Records excerpted from a collection
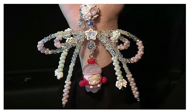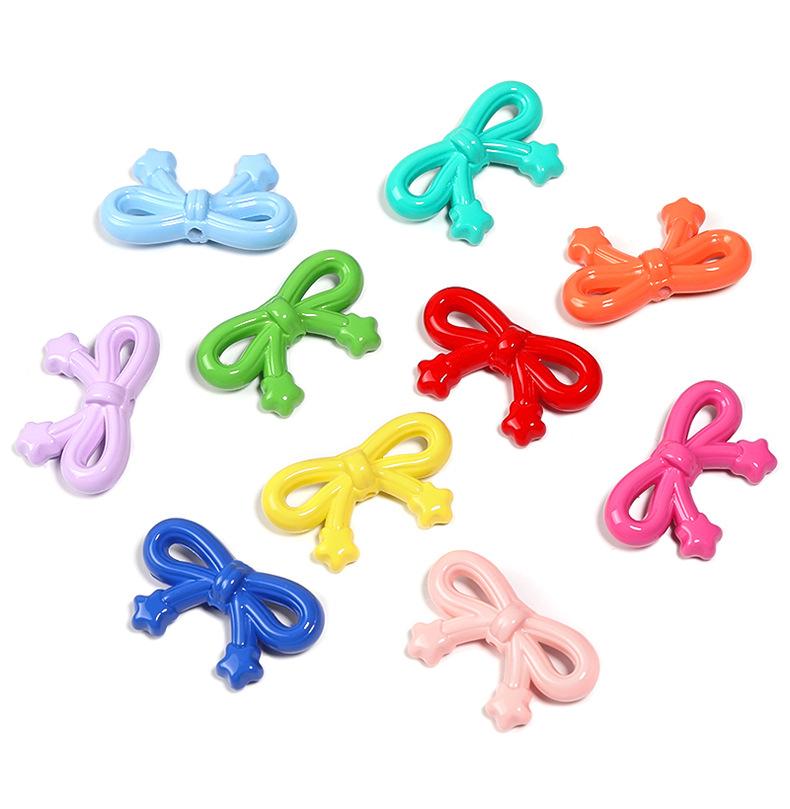 Lazo de estrella de color macarrón con agujero vertical, cuentas acrílicas para llavero, cadena para teléfono móvil, accesorios para bricolaje
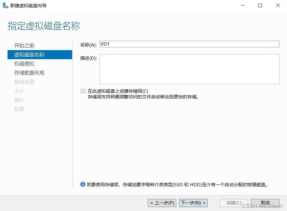 設置虛擬磁盤名稱為VD1,存儲數據布局為Mirror,復原類型為雙向鏡像,容量設置了500GB。如果對存儲復原有要求的話,可以參照微軟文檔,預留一定的容量。
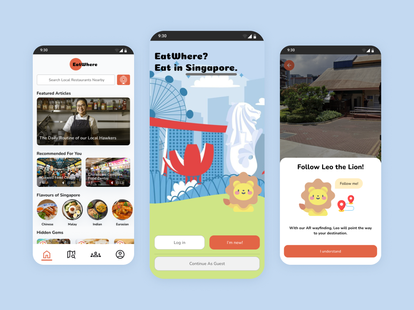 EatWhere is an fictitious app targeted to encourage locals to uncover the hidden gems of local food culture by exploring lesser-known hawker centres and food spots.
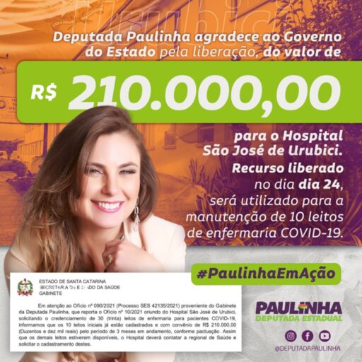 Deputada Paulinha informa que o Governo liberou R$ 210 mil para Hospital São José de Urubici
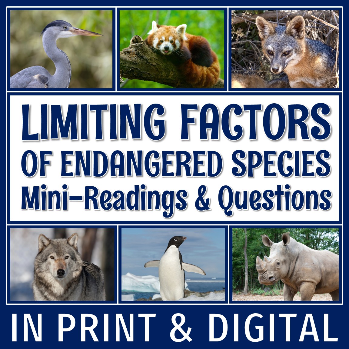 In this limiting factors activity, students read about threatened and endangered species to analyze the limiting factors of their populations.
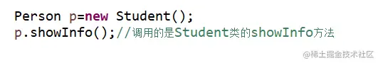 - 编译时e为Person类型,而方法的调用是在运行时确定的,所以调用的是Student类的getInfo()方法。——动态绑定
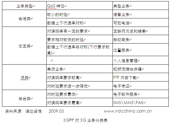3GPP作為3G標(biāo)準(zhǔn)的研究組織,根據(jù)業(yè)務(wù)內(nèi)在技術(shù)要求把3G業(yè)務(wù)分成四類,主要包括會(huì)話類業(yè)務(wù)、交互類業(yè)務(wù)、流類業(yè)務(wù)、后臺(tái)類業(yè)務(wù)。此種劃分方法主要關(guān)注的是業(yè)務(wù)的技術(shù)質(zhì)量保證,對(duì)業(yè)務(wù)應(yīng)用、業(yè)務(wù)場景、業(yè)務(wù)對(duì)生活的影響關(guān)注較少,但這種分類可以清晰的體現(xiàn)業(yè)務(wù)最底層的技術(shù)要求及業(yè)務(wù)與網(wǎng)絡(luò)相互影響。
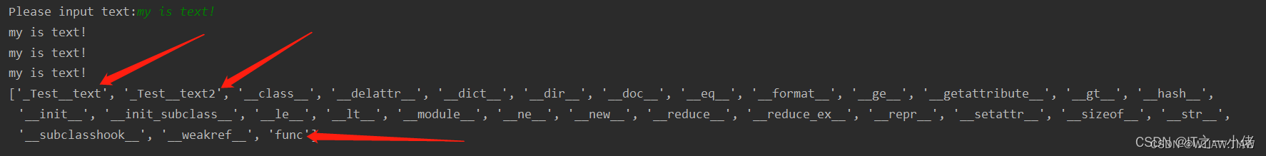 class Test(object): def __init__(self, text): self.__text = text self.__text2 = text def func(self): print(self.__text) def __str__(self): return self.__text text = input("Please input text:") obj = Test(text) print(obj) obj.func() # print(obj.__text) # 报错 print(obj._Test__text) print(dir(obj))
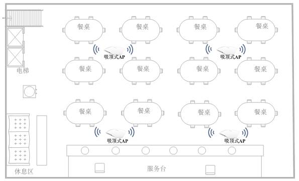 酒店餐廳相對空曠,阻隔物較少,可根據(jù)餐廳規(guī)模及吸頂式AP覆蓋范圍酌情部署,布點點位均勻分布,如下圖所示:

To do => Where an entry holds a picture, leave the picture out and output the rest exactly.

Solution to the exercise =>
 Lazo de estrella de color macarrón con agujero vertical, cuentas acrílicas para llavero, cadena para teléfono móvil, accesorios para bricolaje
 設置虛擬磁盤名稱為VD1,存儲數據布局為Mirror,復原類型為雙向鏡像,容量設置了500GB。如果對存儲復原有要求的話,可以參照微軟文檔,預留一定的容量。
 EatWhere is an fictitious app targeted to encourage locals to uncover the hidden gems of local food culture by exploring lesser-known hawker centres and food spots.
 Deputada Paulinha informa que o Governo liberou R$ 210 mil para Hospital São José de Urubici
 In this limiting factors activity, students read about threatened and endangered species to analyze the limiting factors of their populations.
 - 编译时e为Person类型,而方法的调用是在运行时确定的,所以调用的是Student类的getInfo()方法。——动态绑定
3GPP作為3G標(biāo)準(zhǔn)的研究組織,根據(jù)業(yè)務(wù)內(nèi)在技術(shù)要求把3G業(yè)務(wù)分成四類,主要包括會(huì)話類業(yè)務(wù)、交互類業(yè)務(wù)、流類業(yè)務(wù)、后臺(tái)類業(yè)務(wù)。此種劃分方法主要關(guān)注的是業(yè)務(wù)的技術(shù)質(zhì)量保證,對(duì)業(yè)務(wù)應(yīng)用、業(yè)務(wù)場景、業(yè)務(wù)對(duì)生活的影響關(guān)注較少,但這種分類可以清晰的體現(xiàn)業(yè)務(wù)最底層的技術(shù)要求及業(yè)務(wù)與網(wǎng)絡(luò)相互影響。
 class Test(object): def __init__(self, text): self.__text = text self.__text2 = text def func(self): print(self.__text) def __str__(self): return self.__text text = input("Please input text:") obj = Test(text) print(obj) obj.func() # print(obj.__text) # 报错 print(obj._Test__text) print(dir(obj))
 酒店餐廳相對空曠,阻隔物較少,可根據(jù)餐廳規(guī)模及吸頂式AP覆蓋范圍酌情部署,布點點位均勻分布,如下圖所示:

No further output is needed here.